The day that I meet her, there was something weird and strange about our connection. I didn’t think anything of it, at first, but then I became consumed with her. I wanted nothing else but to get to know her. I wanted to be her best friend, and then her shoulder to cry on, and then who knew what else what would happen.
The problem was that that we both had girlfriends. I’ve already told you how much I love my girlfriend, and how she makes me happy and that whole thing, and that part never changed. But when I met this girl she reminded me of all the reasons why the world was beautiful, but also why I shouldn’t be in it anymore. It was like untucking a shirt after a long day of work.
I began to spiral down, and think about nothing but ending it at any time, and that made me feel much better about life.
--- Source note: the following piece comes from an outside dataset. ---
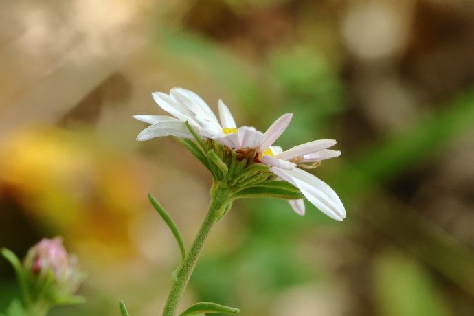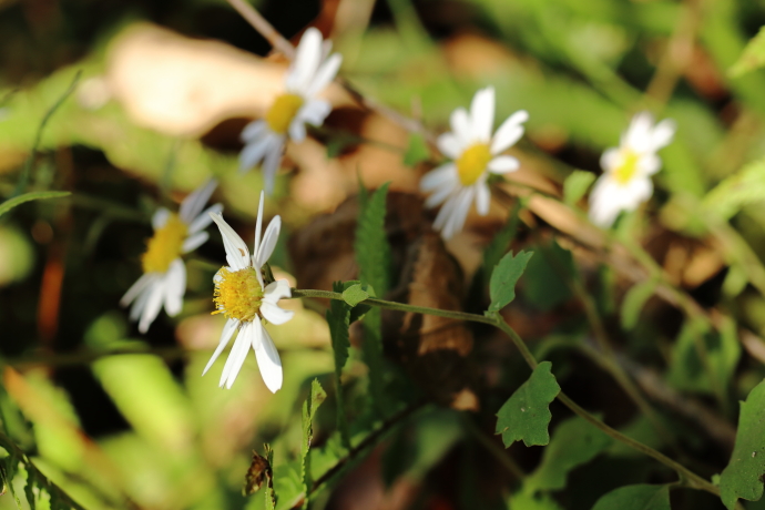 地下茎を伸ばして株立ちになり、茎を伸ばして先に頭状花を数個つけます。頭状花には、雌性で丸みを帯びた白い舌状花が並び、中央に両性の黄色い筒状花が密集します。

I knew that I wouldn’t have to deal with college anymore, work, or any other problems that I might be having. I started doing drugs again, and smoking and drinking. But I did start writing again, and it had been almost a year since I had written anything worth reading.
She was the freedom I needed, but the freedom I couldn’t live with. I knew the day that I first kissed her that I would be truly throwing away everything I had worked so hard to create for myself, but I couldn’t stay away. It felt so nice, the end of it all I mean. Of course soon after I had to break up with my girlfriend because what would she do if she found my body one morning? I didn’t want that on her.
Those couple of weeks that turned into a month in half were crazy. I lived for the skin, the touch and love of the world. She was perfect for this world that I created for my demise. I guess I never really thought about all the things that she would feel when I left since she was just as unhappy as me. But she came alive with every kiss, her thoughts were brighter with every touch. What was I to do now that love was there?
I realized too late that I had to go back. I couldn’t leave my mom, my family and my girlfriend who created a future for us with the house and kids in mind. I had fucked up and I had to go back in time. But time machines aren’t real, and what I did was unreal, and what was I to do?
I still don’t know whether or not I can’t say her name, because of everything that I did to her, or if I say it all the feelings would drown me. I brought her to life as I slowly let her kill me, and then I left. But what’s done is done, and can never be undone.